The strengths of this study include a high response rate. The limitations include single-institution data that may not be representative. However, a report from another metro-based university in Australia notes that students 'valued the experiences and the insights into rural practice issues obtained through the [rural] attachments'5 with the major differences being the required nature and non-doctor oriented nature of our program.
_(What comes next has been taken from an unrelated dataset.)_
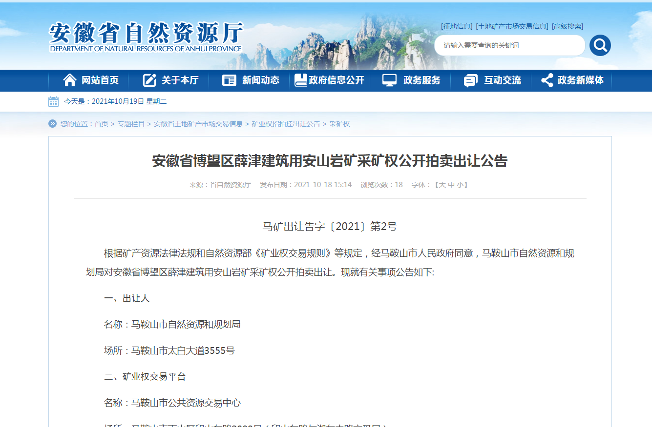 根據礦產資源法律法規和自然資源部《礦業權交易規則》等規定,經馬鞍山市人民政府同意,馬鞍山市自然資源和規劃局對安徽省博望區薛津建筑用安山巖礦采礦權公開拍賣出讓。現就有關事項公告如下:

Self-reported data were collected only at the end of the course, and thus despite asking students whether their attitudes had been changed by the module, their responses theoretically reflect only single point attitudes, which may not represent the effect of the course or lead to more students truly considering or choosing rural practice.
In response to student feedback, the course is being modified to become: (i) more clinically focussed; (ii) community- or research-project oriented; and (iii) the course has recently begun to require cultural safety workshops for all students (anecdotally reported as one of the best things about the course).
Requiring all medical students at a major metropolitan medical school to complete a community-based rural health course can improve their reported interest in rural health, and in rural training and practice. However, significant barriers to sustaining such a course exist, including lack of rural clinical placements and concern remains about placement fatigue for both GPs and Indigenous communities. The course was expensive and logistically difficult to implement and, thus, may not be the best way to increase numbers of students choosing rural practice. Further research is needed to investigate whether the investment of time and effort into a required course, including students who do not elect or want a rural health experience, is justified. This must be compared with outcomes from more accepted strategies, such as recruiting students from rural origins into medicine or providing clinical electives for students interested in rural health.